Book II was in a bunch of old folders on a hard drive, still in Wordperfect format. Somewhere, I knew, I had notes. So, into the garage, and after a little digging:
Found ’em.
This is my process. I have boxes of this. Notes, flow charts, sketches, beat sheets. One of the reasons that the Outworlders saga (which is what I’m calling this) is so well-researched, and the worldbuilding so bombproof, is that I’ve been working on it for about twenty years, not counting a ten-year break in the middle.
And check this out — the original typewritten manuscript, from high school:
With corrections from my English teacher, and entire hand-jammed chapters wedged in there. Because, high school.
At the bottom of the box, a 3.5″ floppy with apparently FIVE BOOKS on it, all in .wpd. I have no idea how to get at this. Also, along with it, a flow chart for a sequel apparently called “Coin of the Realm,” a sketch of the MC, and for some reason a picture of a younger, much more buff me, replete with beer and douchebag wife-beater shirt. Ah, youth.

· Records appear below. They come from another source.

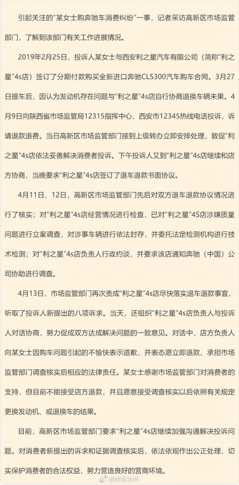 據(jù)西安市互聯(lián)網(wǎng)信息辦公室官方微博消息稱,4月13日,高新區(qū)市場監(jiān)管部門曾組織利之星4S店負責(zé)人與投訴人進行對話協(xié)商。對話中,店方負責(zé)人向奔馳女車主因購車問題引起的不愉快表示道歉,并表態(tài)愿立即退款、承擔(dān)市場監(jiān)管部門調(diào)查核實后相應(yīng)的法律責(zé)任。該奔馳女車主感謝市場監(jiān)管部門對消費者的支持,但目前不能接受店方退款,也愿意接受調(diào)查核實以后依照有關(guān)規(guī)定更換發(fā)動機、或退換車的結(jié)果。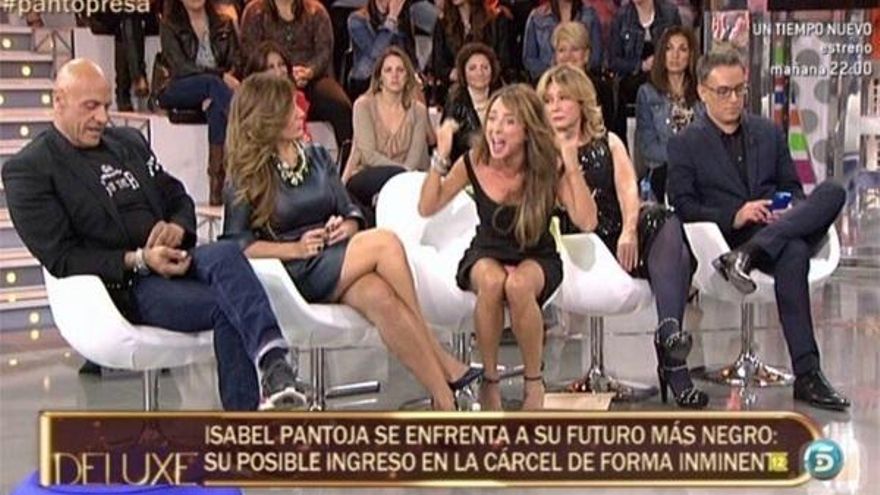 La presentadora y tertuliana estaba tan inmersa en el debate del 'Deluxe' que se le olvidó que llevaba un vestido tan corto que necesitaba mantener las piernas cruzadas. Patiño no se percató de que estaba enseñando las bragas, pero los usuarios de Twitter sí lo hicieron llegando a ser Trending Topic. Tanto que Jorge Javier Vázquez tuvo que decir en directo:“Aviso a Twitter, que está revolucionado: las braguitas de Patiño no son rosas, son color salmón”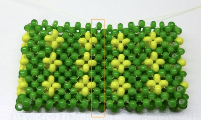 - Когда нить заканчивается, закрепляем ее, проводя несколько раз через бисеринку в готовом полотне, и отрезаем.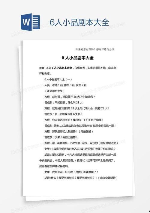 你知道吗?最近我在网上发现了一个超级搞笑的小品剧本,简直笑得我肚子都疼了!这个剧本叫做《六人欢乐秀》,简直就是一个小品界的宝藏啊!下面,我就来给你详细介绍一下这个剧本,保证让你笑到不行!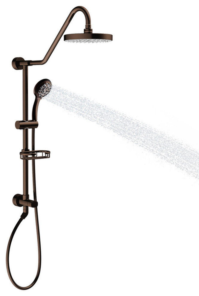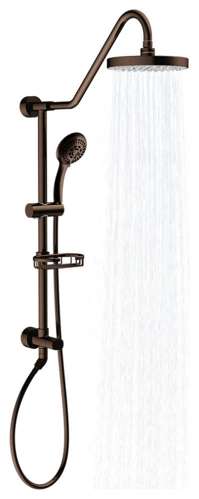 The Kauai Rain Shower System is brilliantly simple! Designed to use your existing valve, it replaces the old showerhead with an elegant rain showerhead and multi-function hand shower. The integrated brass slide bar allows adjustable height control for the hand shower and brass soap dish while providing a conveniently located diverter for switching functions. The soothing rain showerhead and multi-function handheld can be used separately or together for a multitude of spray combinations. Available in chrome, Brushed-Nickel or Oil-Rubbed bronze to match any decor. Typical install is less than 1 hour-even for the do it yourselfer. It simply connects to the water supply at your existing showerhead location and uses your existing hot/cold shower valve. This Shower Spa does not come with a hot/cold mixing valve, please refer to the Tru-Temp valve (Model Number3001-RIV-PB) if you are remodeling and need a valve.Surface mounted and completely pre-plumbed, easily retrofit your existing shower without a remodel8" Rain showerhead with soft tips to clear mineral buildup for long lasting performanceBrass slide bar, soap dish, diverter and shower armFive-function hand shower with 59" double-interlocking stainless steel hoseBrass wire soap dish keeps soap handyConvenient diverter location makes it easy to select functions for all heightsRub tips clean with Spray Straight technologyAdjust height of hand shower and soap dish with integrated slide bar45 Degree adjustable connection prevents hand shower hose from interfering with mixing valveSimply replaces your existing showerhead/shower armCUPC approved shower systemBackflow protection in the hand shower hose1/2" NPT Brass nipple connectorFlow Rate: 1.8 GPM/6.814 LPM Shower System36.25"H x 8"W x 23.75"DColor and Finish: Oil-Rubbed BronzeMaterials: Brass, ABSDominant Material: BrassValve Included: NoCUPC approved Unit: YesDiverter Location: IntegratedShower Arm Reach: 20"Showerhead Width: 8"Showerhead Shape: RoundShowerhead Functions: Single FunctionShowerhead Spray Pattern: RainShowerhead Material: ABSHand Shower: Multi FunctionHand shower Number of Functions: 5Hand shower Spray Functions: Jet/Wide/Wide and Jet/Massage/Wide and MassageHand shower Head Diameter: 4.5"Hand shower Head Material: ABSHand Shower Hose Length: 59"/150cmHand Shower Wall Mount: NoSlide Bar Included: Yes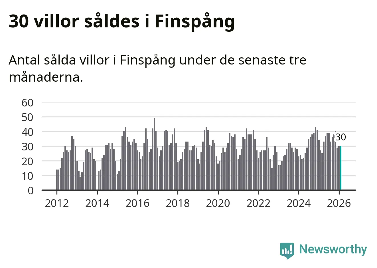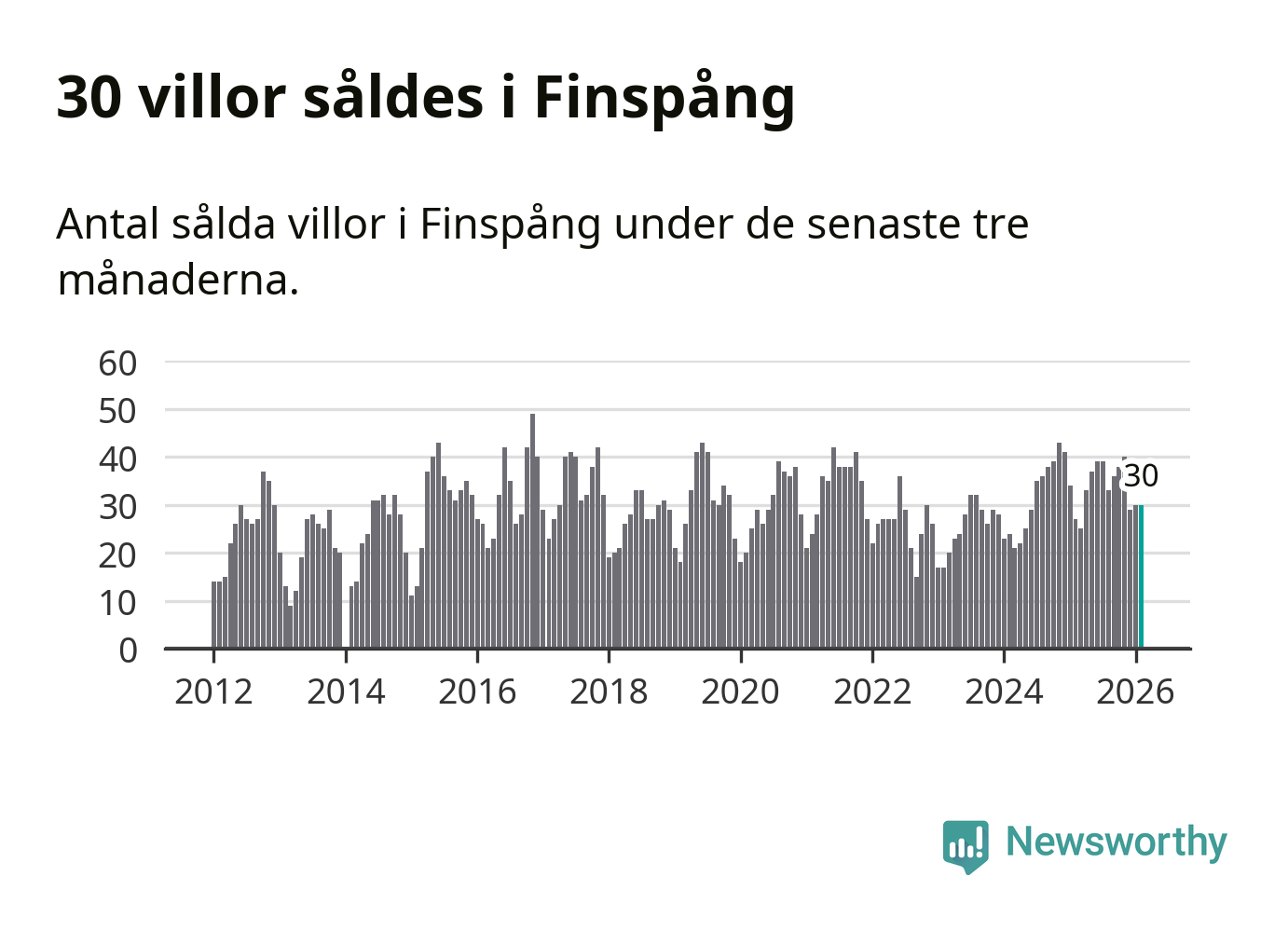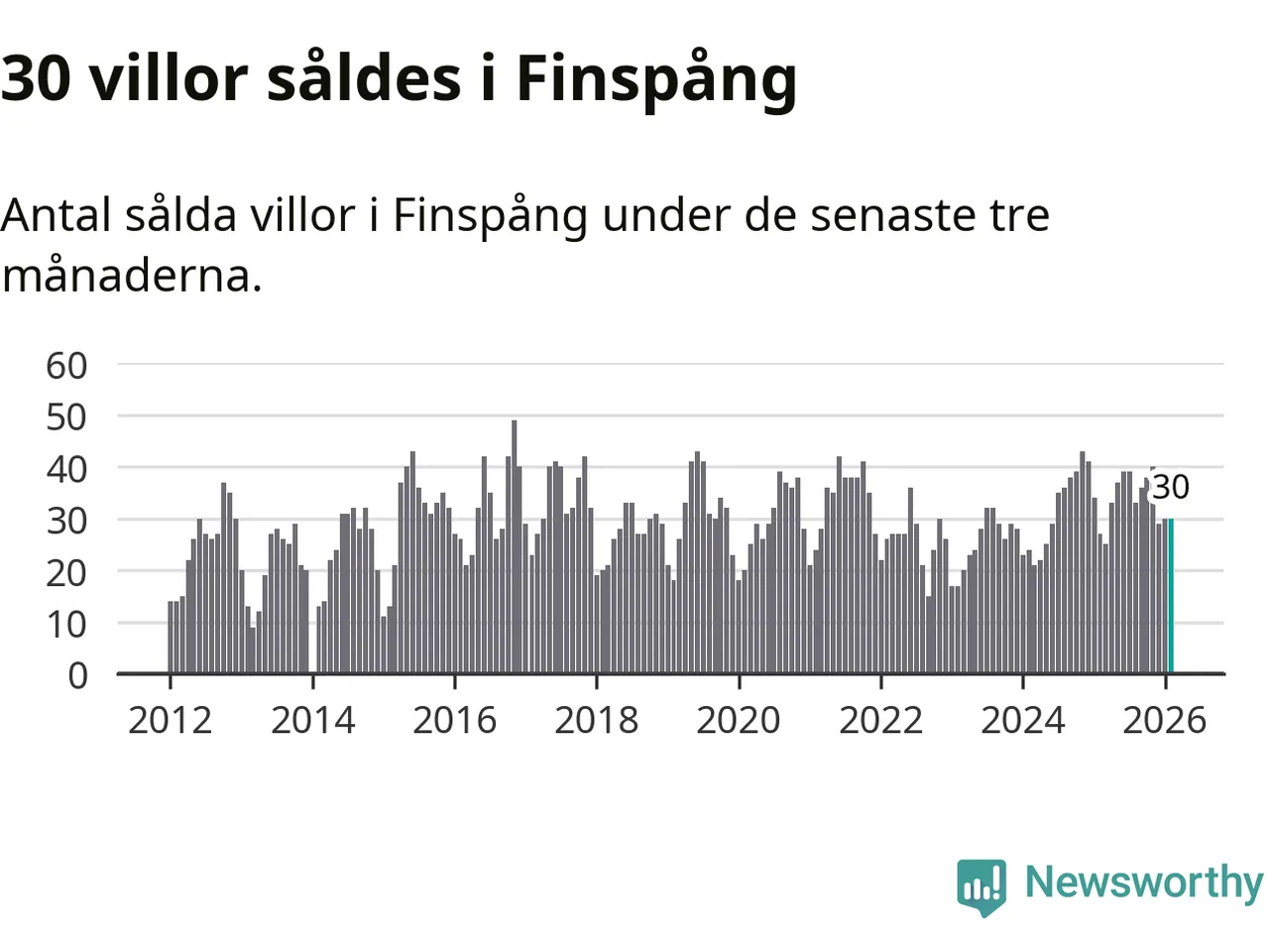 Mellan december och februari gjordes sammanlagt 30 affärer med villor i Finspångs kommun. Det kan jämföras med 27 vid motsvarande tid i fjol.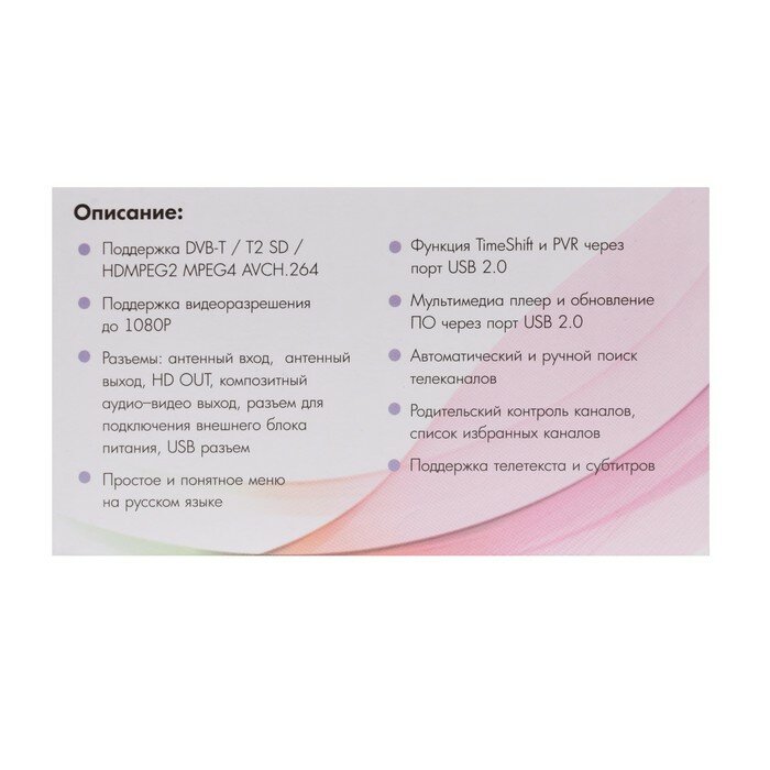 | Плюсы: | Простота настройки ! Подключил к телевизору Самсунг 2004 года картинка просто класс ! подключал через тюльпан купил в ДНС все хорошо ! Поймал 10 каналов на обычную антену без усилений |
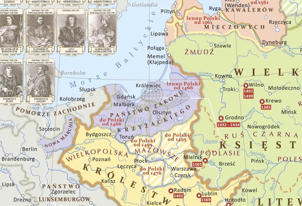 Unie Polski z Litwą. Mapa ścienna. Wersja STRONG

I’m guessing 1992 or 1993. I would have been doing stunt work and modeling back then.
I want to say the artist used me as the model, but I’m also a vain son of a bitch so it’s the kind of conclusion I’d draw.
I am sitting on, conservatively, half a million words of worldbuilding, and not counting old writings; I mean probably a thousand or so pages’ worth of non-narrative musings, backstory, series arc, plots, charts and descriptions of the planets in their courses, and holy crap, an entire language that I constructed for the Faerie that makes up about a hundred journal pages of notes and translations alone, with its own syntax, patterns, lettering and Romanized equivalences. Boxes upon boxes.
So the lesson here, as I see it, is never throw anything away. Keep everything you ever write. Trust me on this. Your ideas will come back and speak to you across the ages. And when they do, listen to them. They may not be done telling your stories, yet.